Did he — and was it “worth” it? 

Call it what you will, but the President’s process was established to allow GM to shoot through “bankruptcy” in record time and preserve the union/company relationship, and especially the union’s pension fund. That’s pretty obvious, as the natural trajectory of GM was taking it to bankruptcy court, where the laws would have allowed things to play out in a structured and legal way.

GM had been going broke for years, due to the usual restrictions on manufacturing in the US that most companies face, plus its special relationship with the United Auto Workers, plus its historically lousy management, which brought out many vehicles that the market didn’t appreciate, for reasons that ranged from a lack of differentiation among product lines, to perceived poor quality, to… just bad ideas, like the Pontiac Aztek or Chevy Volt.

GM was headed for bankruptcy, all right; this would have been devastating to, among others, the Democratic fundraising machine.
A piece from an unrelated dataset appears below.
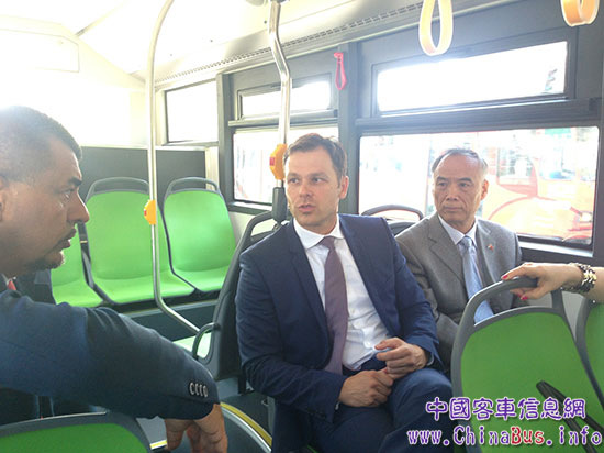 中國駐塞爾維亞大使李滿長與貝爾格萊德市市長乘坐海格客車

But would it have been necessarily devastating to “Detroit,” as the politicians like to frame it?

I say, “no.” Here’s why: “bankruptcy” covers a lot of territory, from reorganization under Chapter 11 (which can take many forms) to the popular notion of liquidation, which conjures visions of bulldozers’ turning auto factories into fields of wildflowers and factory workers into beggars, haunting the streets of shriveling, dying towns. The President likes us to think about the latter case. This is ridiculous.
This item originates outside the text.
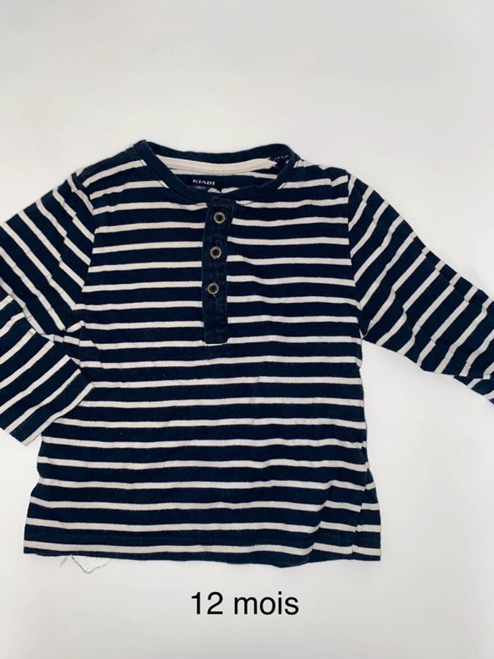 Tee shirt manches longues , «  marinière » 12 mois #12moisgarconalexiaguillou2206

First, let’s address the worst-case scenario: GM goes into liquidation. Everybody goes home forever, the factories are closed, and GM’s assets go to the scrappers, to be melted into ingots and sent to China.
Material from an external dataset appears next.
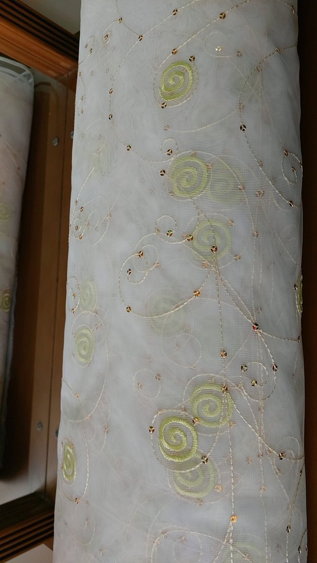 Hafif ve klasik stilde, spiral desenli işlemeli beyaz perde.sifir boyu 2.80 sifir top seklinde

Can’t happen: GM’s assets are too valuable to end up on the scrap heap. We’re not talking about a furniture store that goes out of business; there are a jillion furniture stores. There are not a dozen huge car companies altogether, in the world.

Someone would buy the rights to manufacture, say, parts for Pontiacs, plus parts for anything else that the market wants. People will continue to crash their Buicks – they’ll need new bumpers; parts production would continue. Even the names alone — “Cadillac,” “Corvette,” or um, “Saturn” — have value in the marketplace.

The plants and equipment aren’t junk, either. Land, buildings, robots, welders, forming and stamping equipment, design equipment, computing systems: these all have value. Patents? Immensely valuable. Someone would be more than happy to buy these assets, and probably host a hiring fair to man the revamped engineering cubicles and production lines.

Under this scenario, there would surely be an interruption of production at GM. OK, the world wouldn’t end; this would mean more jobs at Ford, Chrysler, Toyota, Honda, Subaru, all hiring American workers; the overflow would be handled by other car companies, and possibly new ones that might come from re-assembly of certain GM assets into new forms.

A transfer of demand from GM products to other auto companies would not result in a huge “loss” of jobs – just a reallocation of the demand for labor. That’s tough on the displaced workers, but great news for those who would be hired; and many of these folks would be one in the same. And the new jobs wouldn’t be hindered by the old thinking that dragged GM over the cliff.

In the meantime, the workers who would have been laid off would have had 99 weeks of unemployment insurance to live on, just like many of the rest of Americans who lost their jobs since this mess started. (Maybe the union members live higher-expense, higher-debt lifestyles than most. That’s not the taxpayers’ problem; it’s a risk everyone takes when he signs on to work for anyone.)

There is no obligation on anyone to guarantee someone else a certain standard of living, especially when that standard of living is (as in this case) a large part of the parasite that bleeds the host to death. And the fact that GM’s management agreed to bleed the company to death is only an indictment of GM’s management – again, that’s not the taxpayers’ problem. Nor is it the government’s.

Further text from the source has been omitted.